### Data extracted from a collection
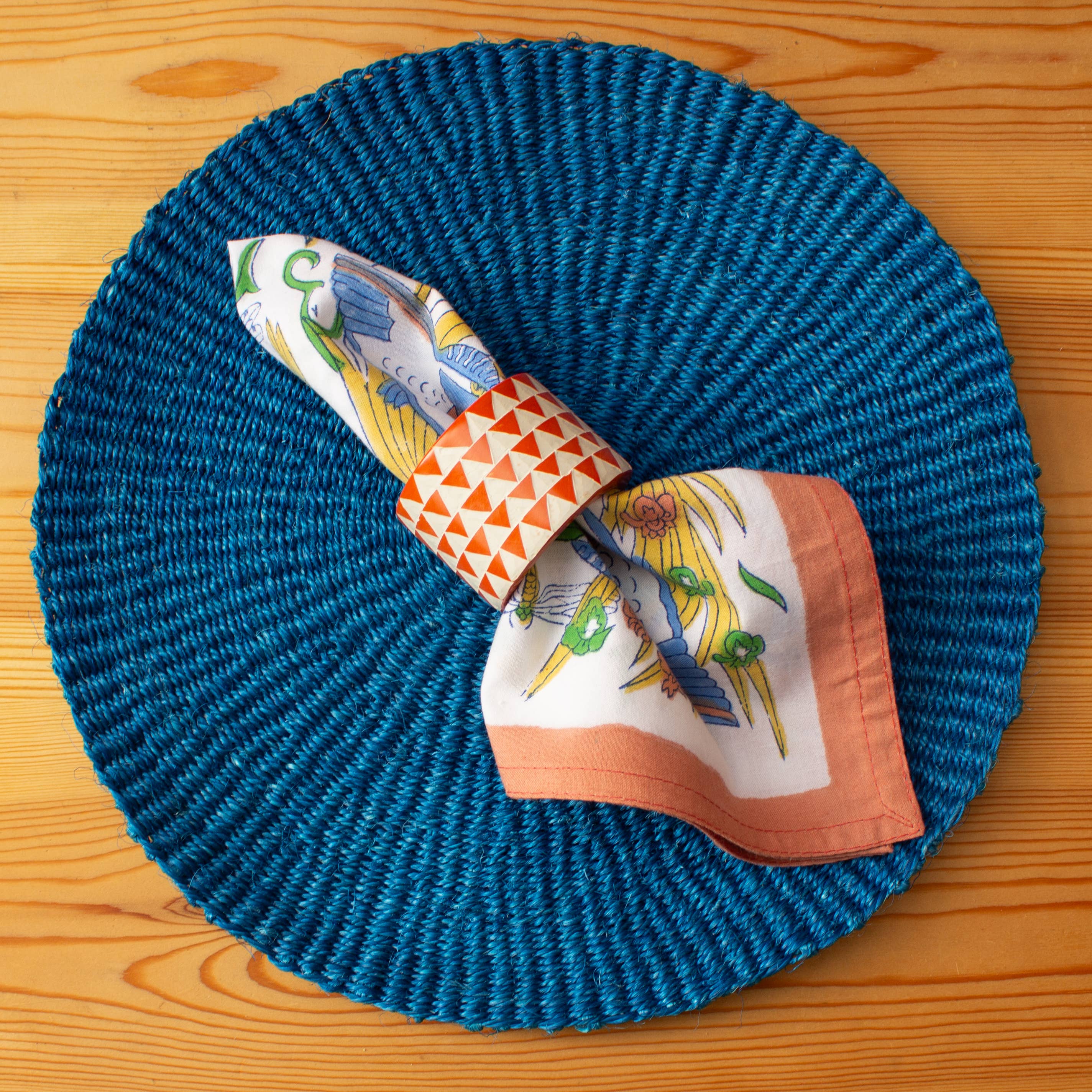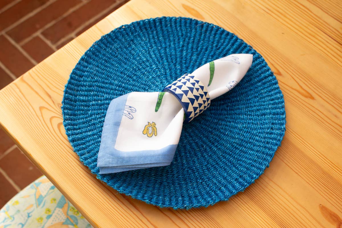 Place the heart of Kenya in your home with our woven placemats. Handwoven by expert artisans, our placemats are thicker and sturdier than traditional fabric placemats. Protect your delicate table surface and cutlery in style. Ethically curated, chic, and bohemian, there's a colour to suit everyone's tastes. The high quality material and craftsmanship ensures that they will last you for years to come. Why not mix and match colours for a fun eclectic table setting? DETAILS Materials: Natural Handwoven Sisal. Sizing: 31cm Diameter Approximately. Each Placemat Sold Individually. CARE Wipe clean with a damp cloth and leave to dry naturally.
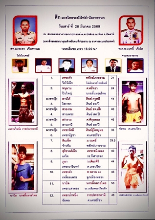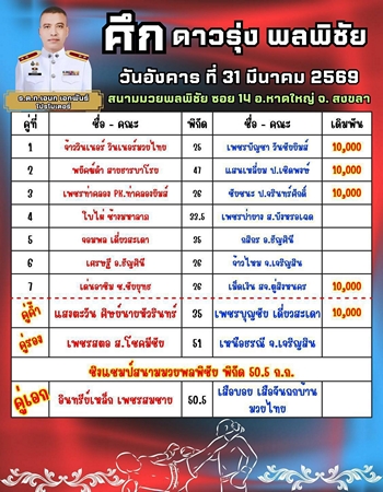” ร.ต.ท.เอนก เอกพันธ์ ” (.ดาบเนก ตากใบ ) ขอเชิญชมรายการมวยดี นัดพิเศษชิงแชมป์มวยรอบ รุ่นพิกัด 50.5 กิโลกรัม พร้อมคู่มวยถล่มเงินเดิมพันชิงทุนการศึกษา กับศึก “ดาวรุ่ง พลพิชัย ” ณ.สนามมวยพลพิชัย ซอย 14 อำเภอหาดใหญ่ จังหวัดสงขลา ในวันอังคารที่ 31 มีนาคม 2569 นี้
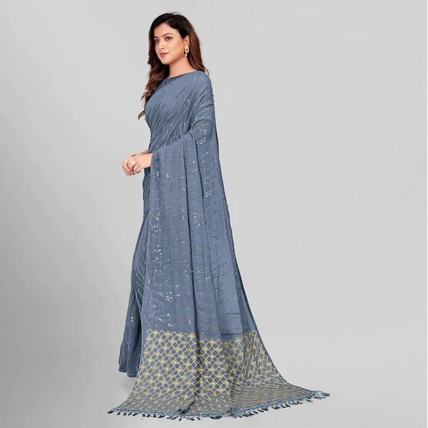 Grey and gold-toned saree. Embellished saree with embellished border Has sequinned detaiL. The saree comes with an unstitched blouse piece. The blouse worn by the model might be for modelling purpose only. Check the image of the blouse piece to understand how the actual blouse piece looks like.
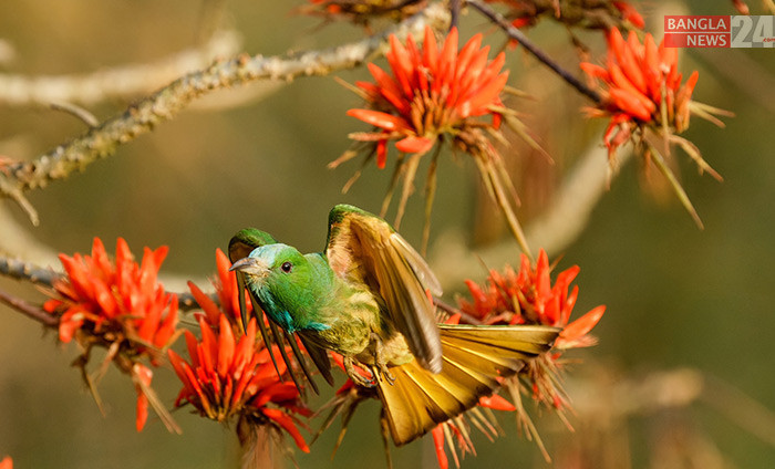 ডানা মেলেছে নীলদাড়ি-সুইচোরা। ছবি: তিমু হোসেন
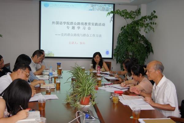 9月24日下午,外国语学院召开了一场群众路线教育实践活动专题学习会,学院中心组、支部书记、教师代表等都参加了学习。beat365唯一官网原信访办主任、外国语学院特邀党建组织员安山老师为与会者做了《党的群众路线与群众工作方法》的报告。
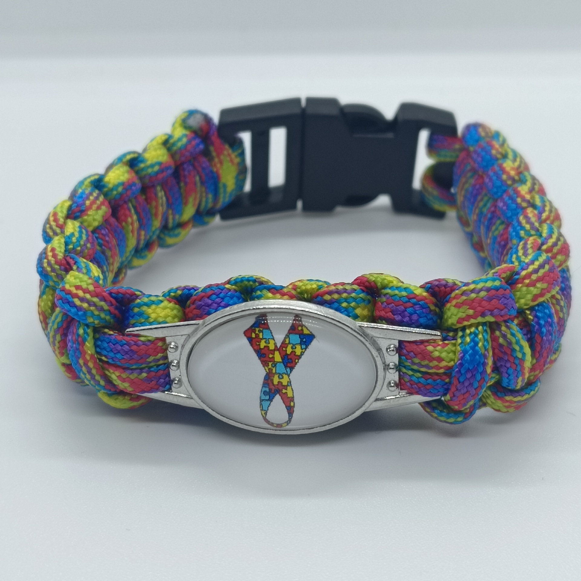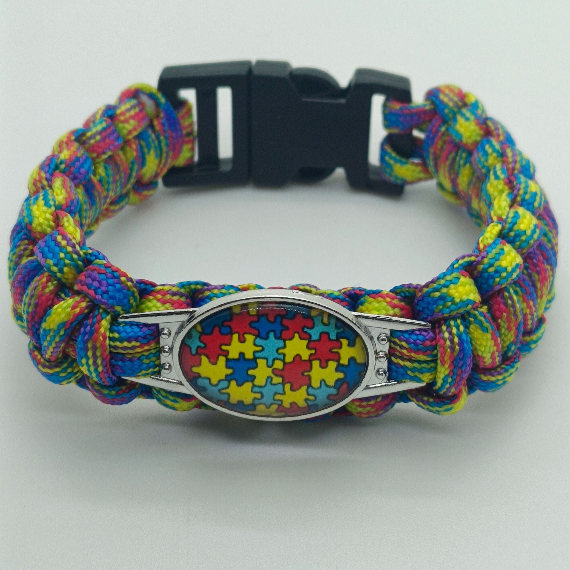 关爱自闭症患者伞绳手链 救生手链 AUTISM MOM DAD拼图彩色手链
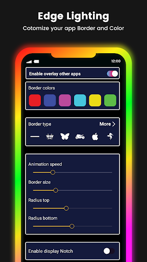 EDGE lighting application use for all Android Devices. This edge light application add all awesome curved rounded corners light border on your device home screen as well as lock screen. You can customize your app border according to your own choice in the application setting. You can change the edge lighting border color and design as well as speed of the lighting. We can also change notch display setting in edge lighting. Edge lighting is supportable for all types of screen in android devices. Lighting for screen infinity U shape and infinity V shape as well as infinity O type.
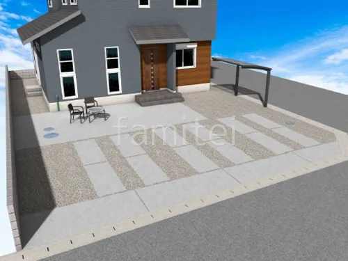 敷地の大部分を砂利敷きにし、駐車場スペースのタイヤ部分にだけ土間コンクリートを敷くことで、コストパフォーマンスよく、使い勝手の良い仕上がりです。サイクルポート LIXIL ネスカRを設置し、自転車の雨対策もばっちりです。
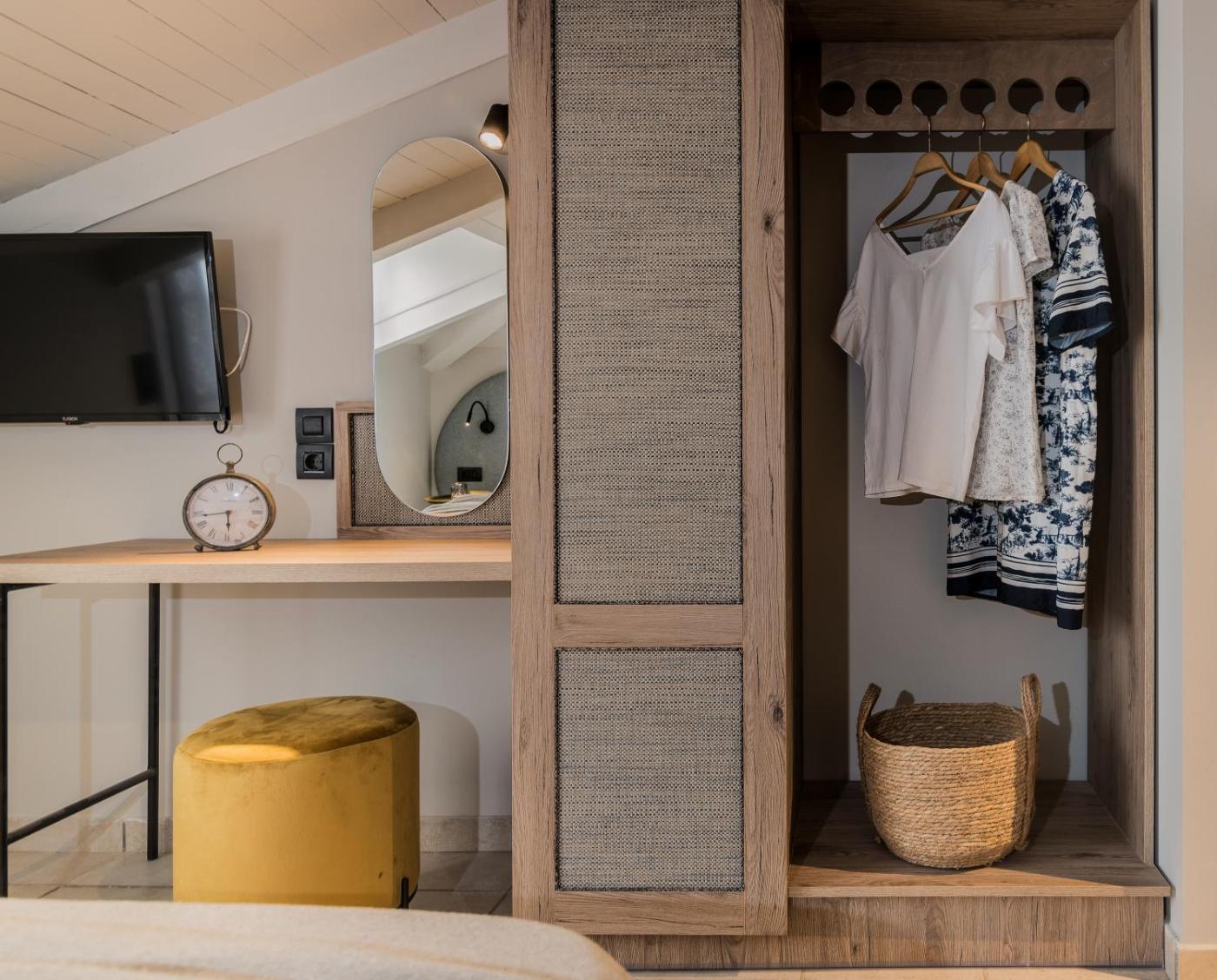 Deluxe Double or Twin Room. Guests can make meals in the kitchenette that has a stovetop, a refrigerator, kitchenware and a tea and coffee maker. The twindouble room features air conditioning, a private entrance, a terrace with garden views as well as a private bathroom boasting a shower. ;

### Instructions for the task
With the pictures left aside, set down each entry above exactly as it stands.

### Solution
 Place the heart of Kenya in your home with our woven placemats. Handwoven by expert artisans, our placemats are thicker and sturdier than traditional fabric placemats. Protect your delicate table surface and cutlery in style. Ethically curated, chic, and bohemian, there's a colour to suit everyone's tastes. The high quality material and craftsmanship ensures that they will last you for years to come. Why not mix and match colours for a fun eclectic table setting? DETAILS Materials: Natural Handwoven Sisal. Sizing: 31cm Diameter Approximately. Each Placemat Sold Individually. CARE Wipe clean with a damp cloth and leave to dry naturally.
” ร.ต.ท.เอนก เอกพันธ์ ” (.ดาบเนก ตากใบ ) ขอเชิญชมรายการมวยดี นัดพิเศษชิงแชมป์มวยรอบ รุ่นพิกัด 50.5 กิโลกรัม พร้อมคู่มวยถล่มเงินเดิมพันชิงทุนการศึกษา กับศึก “ดาวรุ่ง พลพิชัย ” ณ.สนามมวยพลพิชัย ซอย 14 อำเภอหาดใหญ่ จังหวัดสงขลา ในวันอังคารที่ 31 มีนาคม 2569 นี้
 Grey and gold-toned saree. Embellished saree with embellished border Has sequinned detaiL. The saree comes with an unstitched blouse piece. The blouse worn by the model might be for modelling purpose only. Check the image of the blouse piece to understand how the actual blouse piece looks like.
 ডানা মেলেছে নীলদাড়ি-সুইচোরা। ছবি: তিমু হোসেন
 9月24日下午,外国语学院召开了一场群众路线教育实践活动专题学习会,学院中心组、支部书记、教师代表等都参加了学习。beat365唯一官网原信访办主任、外国语学院特邀党建组织员安山老师为与会者做了《党的群众路线与群众工作方法》的报告。
 关爱自闭症患者伞绳手链 救生手链 AUTISM MOM DAD拼图彩色手链
 EDGE lighting application use for all Android Devices. This edge light application add all awesome curved rounded corners light border on your device home screen as well as lock screen. You can customize your app border according to your own choice in the application setting. You can change the edge lighting border color and design as well as speed of the lighting. We can also change notch display setting in edge lighting. Edge lighting is supportable for all types of screen in android devices. Lighting for screen infinity U shape and infinity V shape as well as infinity O type.
 敷地の大部分を砂利敷きにし、駐車場スペースのタイヤ部分にだけ土間コンクリートを敷くことで、コストパフォーマンスよく、使い勝手の良い仕上がりです。サイクルポート LIXIL ネスカRを設置し、自転車の雨対策もばっちりです。
 Deluxe Double or Twin Room. Guests can make meals in the kitchenette that has a stovetop, a refrigerator, kitchenware and a tea and coffee maker. The twindouble room features air conditioning, a private entrance, a terrace with garden views as well as a private bathroom boasting a shower. ;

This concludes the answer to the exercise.